# baby shower ideas



## OzarkHmsteaders (Jul 9, 2006)

I am looking for baby shower ideas,,,
any body have any?

actually, its for an HT shower.:sing:
details will come but I am searching for ideas today.
thanks all


----------



## Ninn (Oct 28, 2006)

How about a cake made from cloth diapers, with snappi's as decor? If it's a shower for an HTer, they may be thrilled with the idea of cloth dipes!


----------



## Wisconsin Ann (Feb 27, 2007)

heh. HT babyshower...kiddo(s) are going to get a lot of wonderous handmade items, I bet 

I'm fair on bridal shower ideas, but baby showers are WAY out of my league. There are a LOT of quilters online...perhaps put out a call to people for quilt blocks? something simple, like a 9square or maybe a star....If there are too many squares, pillows, bibs, cyclinders...all made out of the squares....


----------



## OzarkHmsteaders (Jul 9, 2006)

thanks ladies,



it is an ht baby shower for cricket,
for any of you that don't know she has a thread on here
shes having triplets!!!!!!!!!!!!!!!!!!
I am sure they will be very appreciative of any help they recieve

I am debating on a diaper cake, trying to locate things,etc.
there are so many things out there, 
I just don't know

there will be a post forthcoming with all the info for those here that want to help her and her family.

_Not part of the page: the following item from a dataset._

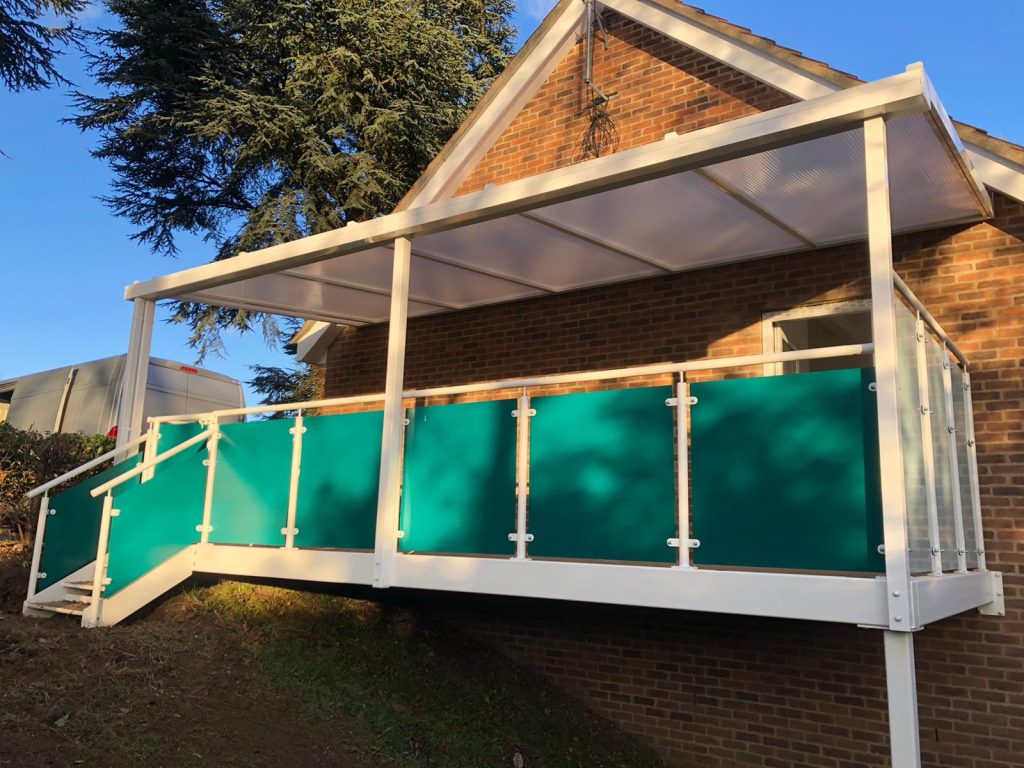 We installed 3 no Coniston Wall Mounted Canopies meeting their requirements. The Coniston creates shelter from rain and snow and shade from the sun with high UV protection allowing the outdoor covered areas to be used all year round.

and b/c its a cya world,lol,,
she does know about this and is very excited.
thank you all again


----------



## Ninn (Oct 28, 2006)

I can make booties!


----------



## OzarkHmsteaders (Jul 9, 2006)

thats great ninn,
and thank you.


----------



## KatSpradley (Nov 7, 2008)

Girls: pillowcase dresses. Make them a bit longer so they can keep wearing them.
Girls/Boys: minky tag blanket (use satin ribbon) -see Etsy for some good pics
Wooden toys-shakers, donuts
Sewn nursing pads, sewn baby shoes that kinda look like Robies
Stainless baby silverware 
Glass bottles um well I suppose you could breastfeed 3...WOW...I would be impressed...
cloth wipes, natural wipe solution/spray
baby soap
natural salve
Slings x 3 (yep you can wear two and spouse wears one or the other way around


----------



## Ninn (Oct 28, 2006)

I saw some great glass bottles at evil-mart today. They even come with cushioned insulators on the outside to keep the temps even and make them easier to hold.  I was actually kind of impressed to see that they had kept up with the trends!


----------



## Maura (Jun 6, 2004)

I've been waiting for this. I'm going to make her some all-in-ones.

I was told by DD who is expecting her 3rd this summer that the best bottles are from The First Year, breastflow. The nipple is made so that the baby has to suck and press at the same time (or something?), just like on the breast. The baby(ies) can go back and forth from breast to bottle. They are sold at www.learningcurve.com, as are BPA free plastic bottles. I ordered some for her because she will pump when she goes back to work. They are not cheap, but will last (I have a feeling quality will be important with THREE babies)


----------



## OzarkHmsteaders (Jul 9, 2006)

maura, my daughter used those bottles with hers, 
she loved them too

I am finding all kinds of ideas
its always so fun when it comes to babies

just fyi.... the thread about this has been somewhat updated
on melissas forum.:sing:


----------



## tinytaylorranch (Apr 29, 2009)

I think it's fun to tie a quilt at the shower. All the ladies visit and laugh while making something special for the little one.


----------



## tinytaylorranch (Apr 29, 2009)

Also, a Dr. Spock book. Everyone needs one.


----------



## Kay in Carlisle (Oct 20, 2002)

This is one gift that was recently given at a baby shower (mother-to-be is having twins -1st time around). 

She was given a basket with thank you notes. Each guest at the shower was to address their card and place a stamp on it (stamps were in the basket). 

This gave the m-t-b a current address and a card ready to go when she completed the personal note.

This would also work for a bridal shower... 

Kay in Carlisle


----------



## OzarkHmsteaders (Jul 9, 2006)

my daughter did that for my daughter-in-law..
she loved it.

great idea though,
thanks for the reminder


----------



## shepmom (May 29, 2003)

Not a good day for me, forgive the short post.

I will make Cricket something for the triplets. Just let me know where to send items.
Lordy, threee at once.


----------



## mustangsally17 (Nov 3, 2007)

http://tipnut.com/projects-baby/
$# project ideas and patterns


----------



## mustangsally17 (Nov 3, 2007)

43 Project Ideas And Patterns


----------